Human right groups say that rape is widespread as a weapon of the DR Congo war of two rebels of M23 and government forces.
However, in this case, Florence says it’s companions with the inmates.
“You saw that they were prisoners. Some went out of shoes. When they went to the prison in the girls, they called the names of their knowledge or uniform.”
Florence said he heard “bullets of crackling” outside the prison from 23:00 before, and escaped the prisoners killed by the police outside.
“If a prisoner went out, he was shot. In flying bullets, I knelt down to God to save us in bad condition.”
Some prisoners breaking the women’s section seek for a safer escape path, he said.
They break one of the walls facing out – a place where police are not usually set. But soon the gap was filled with fire.
Florence first saw the flames at about 04:00. Then every time, he rushes from the body to the body.
“People died in front of our eyes. I couldn’t figure them out. We tried to revive them by giving the water. The BBC.
He also blames Congolese authorities for the loss of many lives.
“The state should open the doors to see fire or coming and release it.”
BBC has contact Kinshasa government asking for a response to the saved but we have not received.
Florence says women’s jail opens at the end of 11:00 – he doesn’t know who – and he went out of 18 more survivors. They are not helped.
“Even the police we found in the street, didn’t ask for news of prisoners, or asked if someone was hurt, or what we used to be,” he said.
After the rebels fighting there in parts of the city, who entered at about 8am. Rubber falls.
Women are not as important – in or from prison.

In a tent in the fields of rubber’s hospital, we met another survivor, Siform, 25, pulled from the flames of a friend.
He lay on his left side – any other position is very painful. Her right arm is heavy band, and has scores to burn her arm and her face. He burned him too. If his dresses were changed nurses should give his morphine.
But his pain is more physically.
His two-year-old daughter Esther died in prison.

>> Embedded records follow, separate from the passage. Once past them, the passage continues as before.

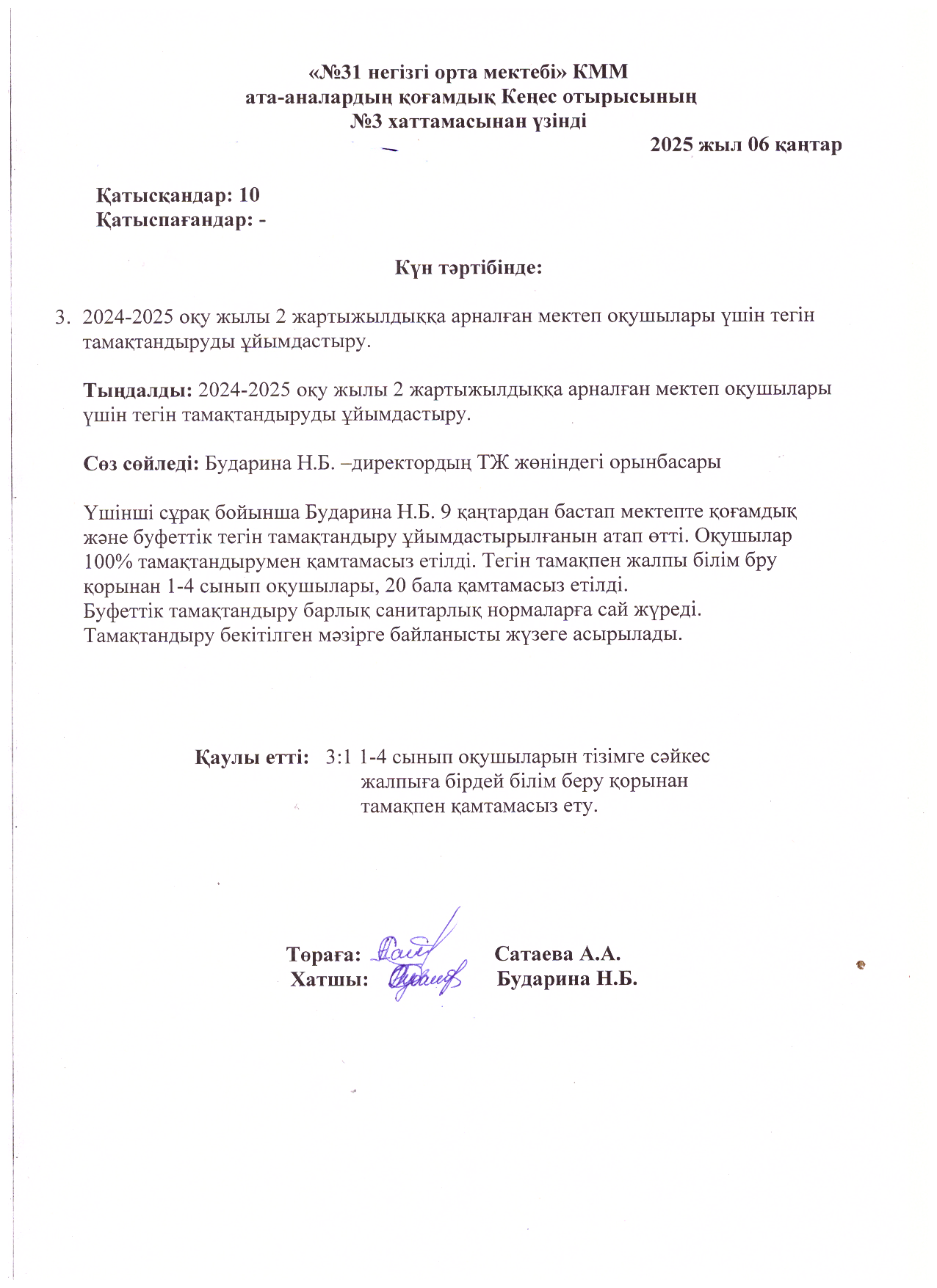 выписка из протокола №3 заседания Совета общественности родителей от 06.01.2025 года каз
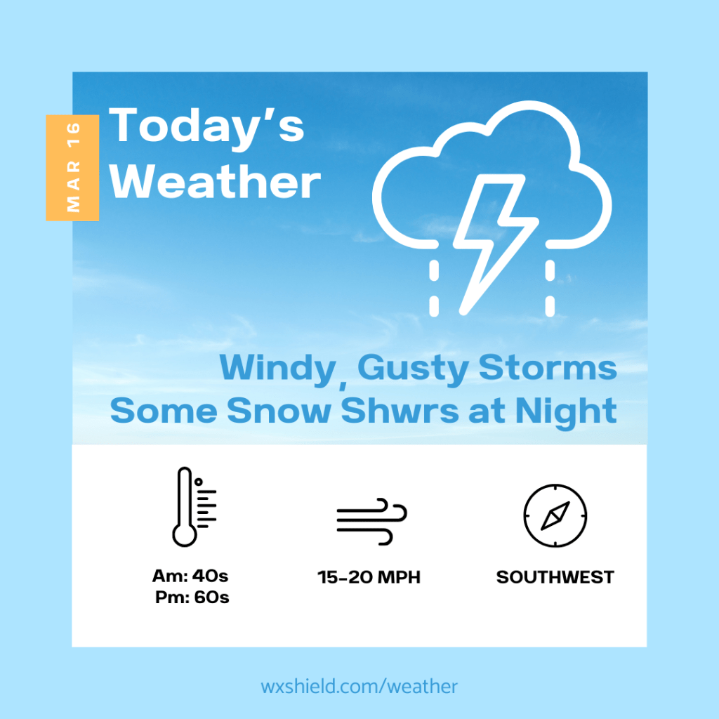 This morning temperatures will be in the mid to upper 40s. Winds this morning will be from the southeast between fifteen to twenty mph. Due to the stronger winds, the National Weather Service continues the Wind Advisory until 11 am. This morning we will be cloudy with some showers.
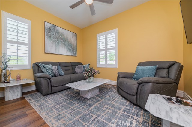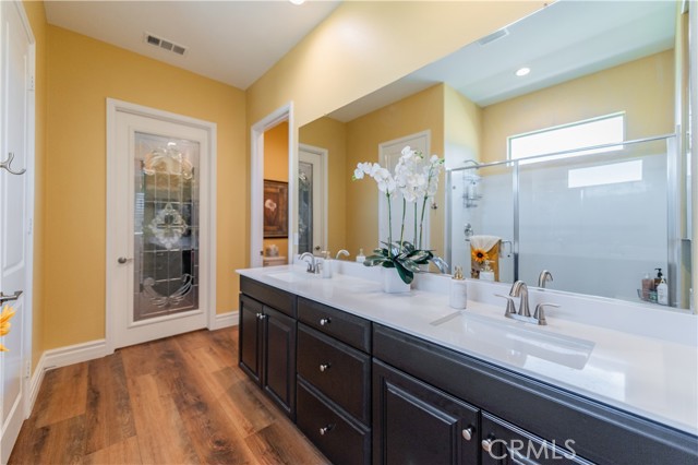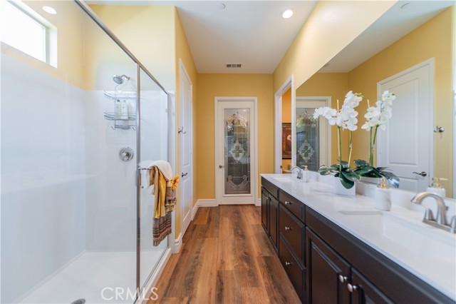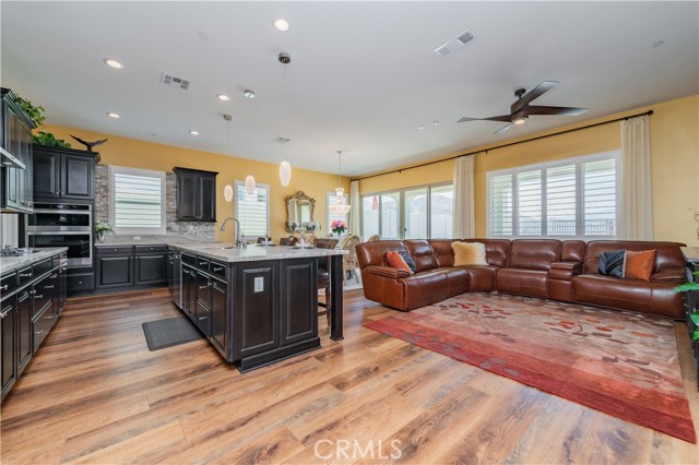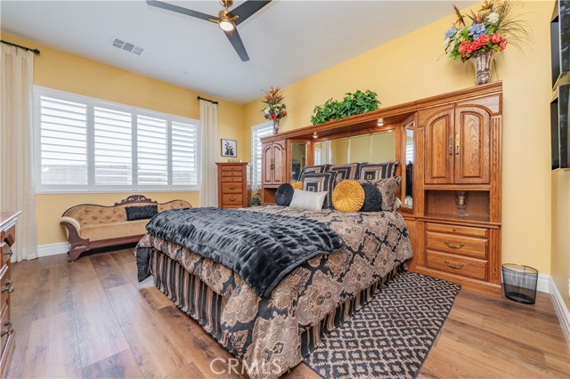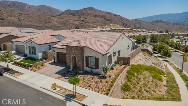 Single Story Masterpiece High Above the Hills with $250K+ Upgrades. 3 Bedrooms | 2 Baths | 2 Car Garage | 1,902 Sq. Ft. | Lot Size 8,285 Sq. Ft. | Built in 2022. Single story masterpiece sits high above the hills on a 8,285 square foot corner lot within prestigious gated 55 plus community of terrain. No expense is spared on this luxurious 3-bedroom home with over $250,000 worth of upgrades! From custom wood floors, 4-inch window shutters, designer full stone backsplash and espresso cabinets in the kitchen, wood paneling on family room walls, crystal chandelier and pendants, custom doors at entry, closet, pantry and much more. The extensive list of upgrades continues to the exterior with Arizona style landscaping in the front with exotic succulent plants, rocks, lighting pavers throughout covering entire driveway. Beautiful travertine flooring extends the California room to a spacious backyard with low maintenance landscape which offers panoramic view of distant mountains and city lights. Attached 2 car garage with epoxy flooring and custom built in storage cabinets. This gorgeous home is also equipped with smart home technologies including security alarm and paid solar panels. The fitness facility and clubhouse in the community offers nothing short of five-star resort amenities from indoor/outdoor pools, cabana, exercise gym, sauna, private massage rooms, bar, meeting rooms, BBQ, tennis and pickle-ball courts and more. Welcome home!
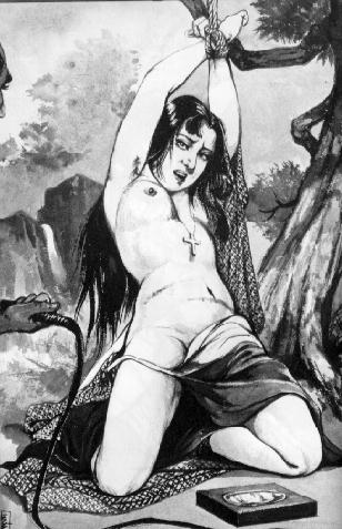 I’m not sure if the whipped woman here is supposed to be a nun — there’s not enough of her clothing visible for me to know — but from the crucifix and the icon, she’s obviously a good Christian woman at least:

“I have a boyfriend in my back. If we want to escape, something falls on him. A bomb? I don’t know what. He died in the area.
He added that Esther just started walking and “innocent”. Sometimes he play with other children in prison, but he is mostly beside his mother.

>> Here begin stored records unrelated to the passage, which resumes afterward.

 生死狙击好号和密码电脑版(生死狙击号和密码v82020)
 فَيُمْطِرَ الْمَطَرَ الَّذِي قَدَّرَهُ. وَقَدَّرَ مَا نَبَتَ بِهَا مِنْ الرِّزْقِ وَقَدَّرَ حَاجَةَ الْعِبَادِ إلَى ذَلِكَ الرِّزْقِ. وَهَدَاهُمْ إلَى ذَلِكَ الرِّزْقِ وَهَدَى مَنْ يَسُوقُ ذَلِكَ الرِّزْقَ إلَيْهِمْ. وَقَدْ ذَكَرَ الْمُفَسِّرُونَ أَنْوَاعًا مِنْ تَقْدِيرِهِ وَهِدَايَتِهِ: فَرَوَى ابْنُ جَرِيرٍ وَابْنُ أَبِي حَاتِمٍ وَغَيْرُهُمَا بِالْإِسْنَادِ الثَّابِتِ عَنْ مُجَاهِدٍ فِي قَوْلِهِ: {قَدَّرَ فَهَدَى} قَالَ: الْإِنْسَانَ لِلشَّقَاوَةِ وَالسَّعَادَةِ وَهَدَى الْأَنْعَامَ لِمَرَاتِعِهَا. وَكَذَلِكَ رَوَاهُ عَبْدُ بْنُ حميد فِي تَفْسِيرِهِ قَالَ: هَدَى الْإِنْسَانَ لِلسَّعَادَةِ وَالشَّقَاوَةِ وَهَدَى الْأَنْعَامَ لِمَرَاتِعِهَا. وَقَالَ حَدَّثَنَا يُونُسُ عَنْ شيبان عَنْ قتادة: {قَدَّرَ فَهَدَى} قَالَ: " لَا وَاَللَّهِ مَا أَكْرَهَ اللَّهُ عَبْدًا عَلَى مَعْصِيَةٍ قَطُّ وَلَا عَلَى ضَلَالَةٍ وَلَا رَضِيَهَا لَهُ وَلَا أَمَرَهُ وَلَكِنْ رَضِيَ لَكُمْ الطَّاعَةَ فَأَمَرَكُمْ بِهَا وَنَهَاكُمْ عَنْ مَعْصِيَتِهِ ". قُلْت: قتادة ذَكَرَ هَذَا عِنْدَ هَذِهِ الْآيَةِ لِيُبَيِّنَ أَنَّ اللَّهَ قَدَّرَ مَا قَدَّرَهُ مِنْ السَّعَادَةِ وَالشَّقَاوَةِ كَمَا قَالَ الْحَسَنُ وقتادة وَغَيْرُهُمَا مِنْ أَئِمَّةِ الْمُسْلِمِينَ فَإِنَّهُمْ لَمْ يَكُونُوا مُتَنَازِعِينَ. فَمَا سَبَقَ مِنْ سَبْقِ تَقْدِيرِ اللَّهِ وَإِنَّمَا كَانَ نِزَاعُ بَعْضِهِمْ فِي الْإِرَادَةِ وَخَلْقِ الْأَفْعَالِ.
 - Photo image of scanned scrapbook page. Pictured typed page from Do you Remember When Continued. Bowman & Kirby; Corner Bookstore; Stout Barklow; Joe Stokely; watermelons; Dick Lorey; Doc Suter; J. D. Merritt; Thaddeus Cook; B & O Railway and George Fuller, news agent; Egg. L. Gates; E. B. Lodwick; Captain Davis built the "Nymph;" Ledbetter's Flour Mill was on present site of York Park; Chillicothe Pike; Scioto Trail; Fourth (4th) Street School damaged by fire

How was Sifa, a nuts seller, biting air in the bars in a prison with his daughter?
He was accused of being involved in a robbery, which he denied. He said he was imprisoned without being judged. Local sources say a common event.
The whole story of what happened in munozoze prison probably doesn’t know. It seems that those in power do not have a hurry to find.
Sifa and the other survivors we say to what we say no one has contacted their testimony about the horrors of 27 Jan – not the rebels controlled by the rubber now, even the government of Kinshasa Runs in jail.
“No one is the following (this case),” says Sifa. “Nothing to be ignored. It’s over.”
Additional reporting from BBC Wiets at BBC, Göktay Kalaltan and Yvonne alive.